Neste 17 de janeiro de 2014, portanto, Juazeiro traz, embora timidamente, o nome de Maria de Araújo à tona em alguns eventos que lhe prestam homenagens. No nosso blog O Berro, pensamos que é importante ouvir cada vez mais essa história, entender melhor como uma mulher negra, pobre, analfabeta, enfrentou interrogatórios e inquéritos eclesiásticos condenatórios, que tentaram fazer daquela juazeirense uma embusteira, uma farsante. Por ora, pouco ou quase nada importa para nós se aqueles fatos foram milagrosos ou não. O que importa é que o povo nordestino (e resistente) decidiu alimentar sua crença com o dito "sangue de Cristo que jorrou da boca da beata" e elegeu o lugarejo como um espaço sagrado e assim construiu a história do município. O que importa é que um pequeno vilarejo foi palco de histórias extraordinárias e controversas, que até hoje alimentam a crença, a religiosidade popular e o imaginário de milhões de nordestinos e brasileiros.

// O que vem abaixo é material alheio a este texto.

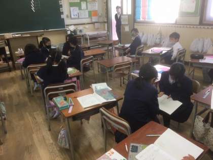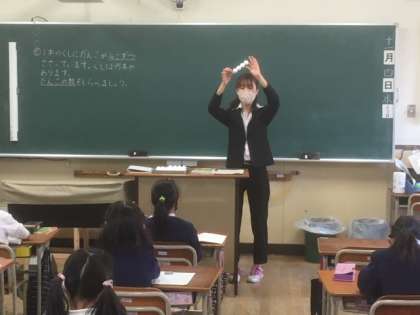 2年生の算数の授業てす。かけ算の4の段の学習です。お団子の小物を使って説明が行われています。
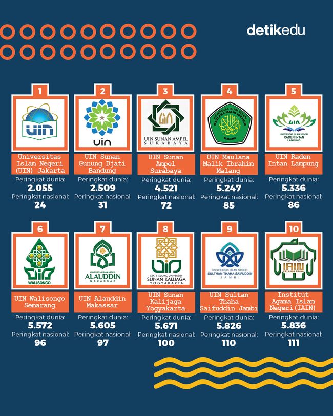 Jakarta - Ini dia 10 Perguruan Tinggi Keagamaan Islam Negeri (PTKIN) terbaik versi Webometrics 2024. UIN Jakarta jadi nomor wahid seperti dalam infografis berikut.

Não importa se chamam os "acontecimentos de Joaseiro" de histórias, fatos, mitos, lendas, profecias, milagres ou farsas. O que importa é que são narrativas ricas, complexas, instigantes. E de boca em boca, na páginas da imprensa, em livros (defensores ou detratores) construiu-se o imaginário de um lugar, que segue a alimentar sonhos e a esperança de milhares de romeiros que visitam Juazeiro a cada romaria, em diversas épocas do ano.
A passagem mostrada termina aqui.